Athens Art Gallery invites us to witness the uniqueness of his work through the exhibition Robert McCabe, Mycenae 1954. To Katamesimero, which will last from the 3rd of November until the 5th of December 2015.

The series of photos presented at the exhibition shade light onto 140 years of archeology initiated by Heinrich Schliemann in the late 19th century, and which lifted the saga of the House of Atreus from the oblivion and the darkness of the grave.

The photographs are accompanied by the vivid text of Athina Kakouri, who was the wife of Professor Spyros Iakovidis, one of the main “players” in this drama, and the comments of Lisa Wace French.

Robert McCabe’s photographs, sensitive and often poetic, depict the archaeological site and the surrounding area as it was in 1954 and 1955, before tourism changed the idyllic and dramatic land forever.

Robert McCabe talked to Eleni Zymaraki Tzortzi.

 E.Z. What are the feelings and thoughts that these photographs bring to you today?

They bring back to me the sense of tranquility and unspoiled beauty of Mycenae in 1954 and 1955. The contrasts are great. The crowds and the tour bus groups don’t easily allow one to reflect quietly on the site and its legendary figures.

E.Z. Your ties with Greece are strong; what have we lost from the period that your photos presented at this exhibition managed to capture?

I think Many individual areas of Greece have lost or are losing their unique cultures, often developed through isolation. Today with high speed highways and high speed ferries and jet airplanes isolation is all but finished. So the cultures of individual places have become homogenized and have lost their unique individuality.

E.Z. Your photos of 1954 from Mycenae rescue for the next generations, not only images, but also the sense of a bygone era. If you were to visit Mycenae today what would you capture with your camera in order to rescue it for the generations to come?

 Sometimes it’s interesting to photograph tourists on a site and their reactions to it, but generally I prefer to photograph places like Mycenae without tourists. So I would enjoy making a mid winter trip and record today’s Mycenae at a low point of visitors.

E.Z. What is your most vivid memory from the time you were taking these photos?

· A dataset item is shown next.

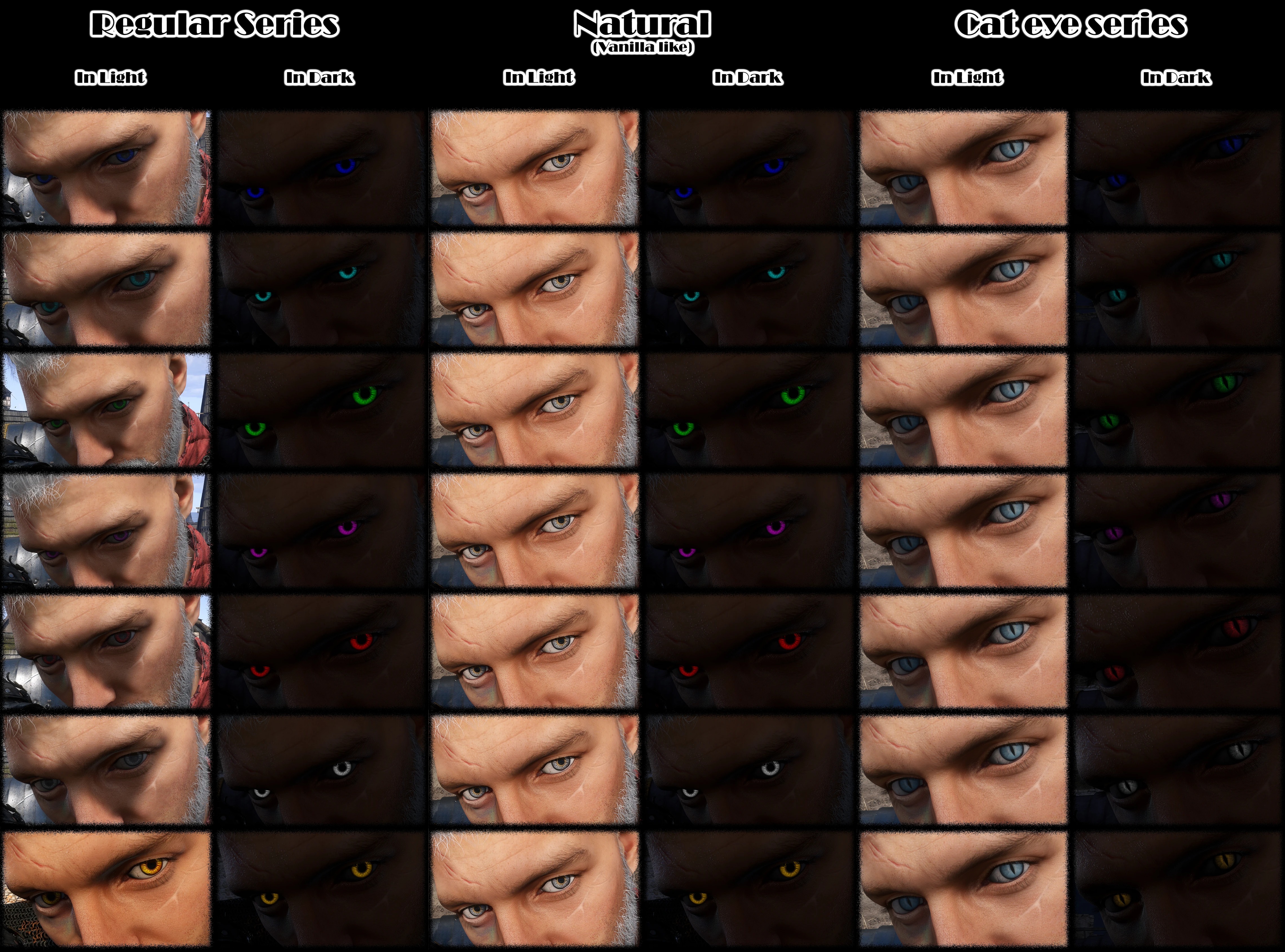 - Cat - кошачьи зрачки; цвет радужки на солнце - всегда голубой, в темноте - соответствует выбранному цвету

Professor Alan Wace, his love of Greece and the Greeks; his extraordinary knowledge of Mycenae and other sites in the Peloponnesus.

E.Z. You have been photographing Greece and its residents over the last 60 years; what have you learned about this place and its people?

I’ve learned that very few countries in the world have the natural beauty of Greece. And I have learned that a few unscrupulous or heartless people can destroy the beauty of a place very quickly.